WORK REQUIRED
Whatever precedes the line containing "ΚΑΡΦΙΑΤολμάνε να μιλάνε" is not copied; that line and every line after it through the final one below are copied exactly, except pictures.
|---|
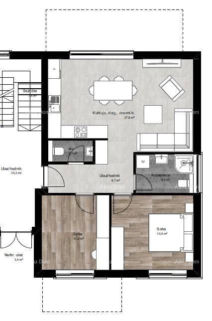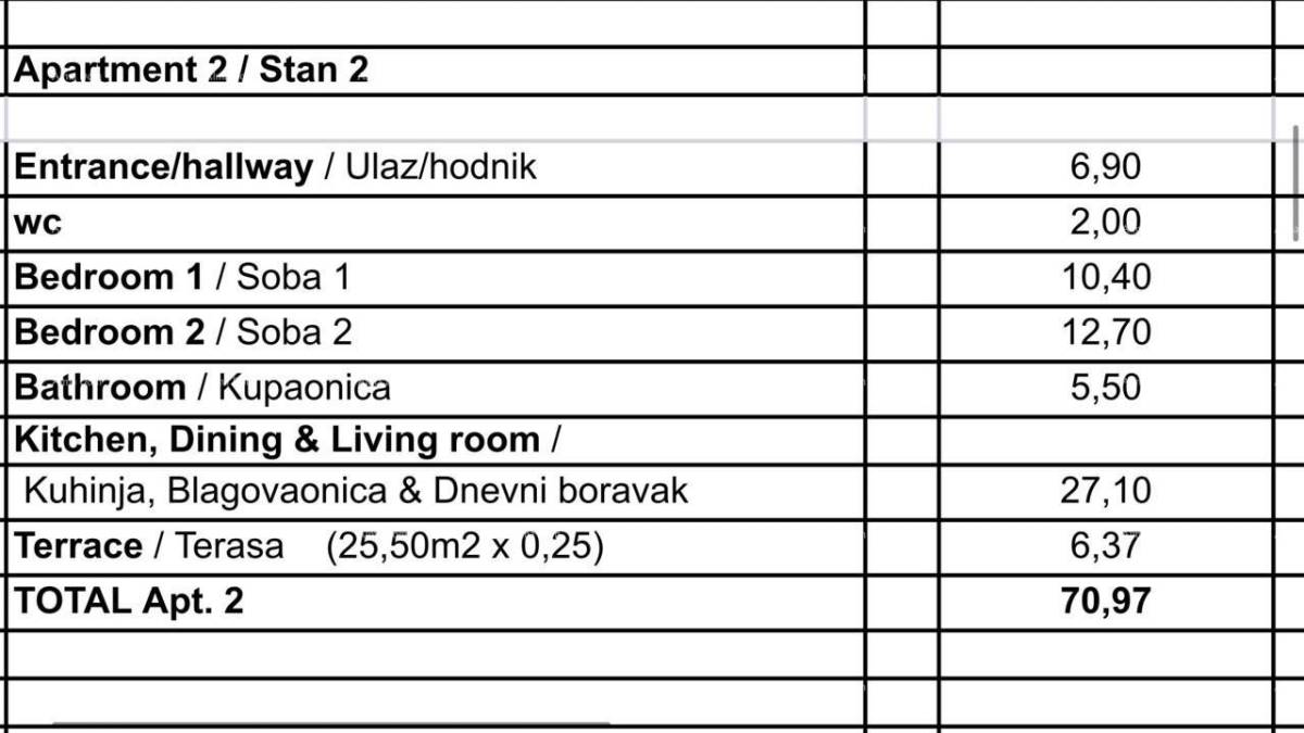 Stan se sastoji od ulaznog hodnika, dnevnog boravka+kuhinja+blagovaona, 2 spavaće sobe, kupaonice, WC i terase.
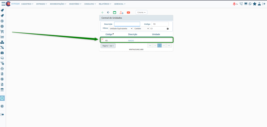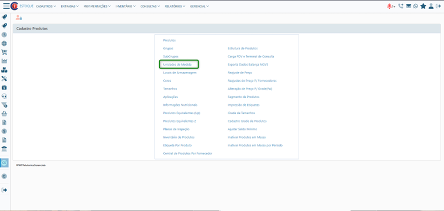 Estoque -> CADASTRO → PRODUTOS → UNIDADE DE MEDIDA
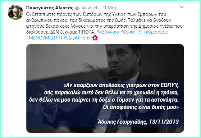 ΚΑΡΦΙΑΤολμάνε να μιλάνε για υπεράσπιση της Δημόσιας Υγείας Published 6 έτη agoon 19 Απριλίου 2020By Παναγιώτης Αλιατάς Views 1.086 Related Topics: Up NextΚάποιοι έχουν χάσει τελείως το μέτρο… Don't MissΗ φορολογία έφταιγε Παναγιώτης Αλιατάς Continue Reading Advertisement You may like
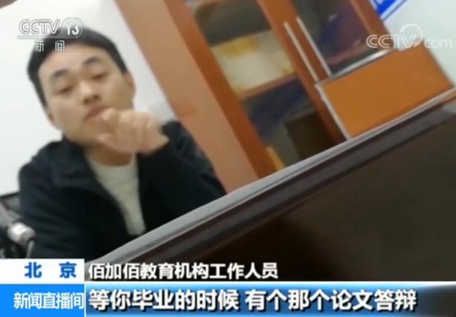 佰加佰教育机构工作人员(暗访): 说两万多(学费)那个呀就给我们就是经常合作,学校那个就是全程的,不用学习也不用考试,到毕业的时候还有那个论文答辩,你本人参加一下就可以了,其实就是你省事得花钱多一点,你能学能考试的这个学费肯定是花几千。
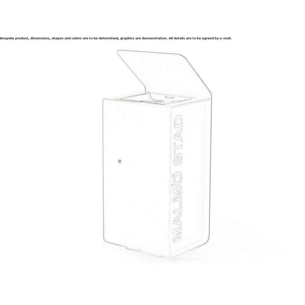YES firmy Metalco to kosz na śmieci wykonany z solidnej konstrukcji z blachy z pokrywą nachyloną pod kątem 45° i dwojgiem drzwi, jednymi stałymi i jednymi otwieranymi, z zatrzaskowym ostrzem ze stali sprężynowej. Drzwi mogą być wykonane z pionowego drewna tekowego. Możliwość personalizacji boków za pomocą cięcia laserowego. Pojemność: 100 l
|---|
OUTPUT FOR THIS EXERCISE
 ΚΑΡΦΙΑΤολμάνε να μιλάνε για υπεράσπιση της Δημόσιας Υγείας Published 6 έτη agoon 19 Απριλίου 2020By Παναγιώτης Αλιατάς Views 1.086 Related Topics: Up NextΚάποιοι έχουν χάσει τελείως το μέτρο… Don't MissΗ φορολογία έφταιγε Παναγιώτης Αλιατάς Continue Reading Advertisement You may like
 佰加佰教育机构工作人员(暗访): 说两万多(学费)那个呀就给我们就是经常合作,学校那个就是全程的,不用学习也不用考试,到毕业的时候还有那个论文答辩,你本人参加一下就可以了,其实就是你省事得花钱多一点,你能学能考试的这个学费肯定是花几千。
YES firmy Metalco to kosz na śmieci wykonany z solidnej konstrukcji z blachy z pokrywą nachyloną pod kątem 45° i dwojgiem drzwi, jednymi stałymi i jednymi otwieranymi, z zatrzaskowym ostrzem ze stali sprężynowej. Drzwi mogą być wykonane z pionowego drewna tekowego. Możliwość personalizacji boków za pomocą cięcia laserowego. Pojemność: 100 l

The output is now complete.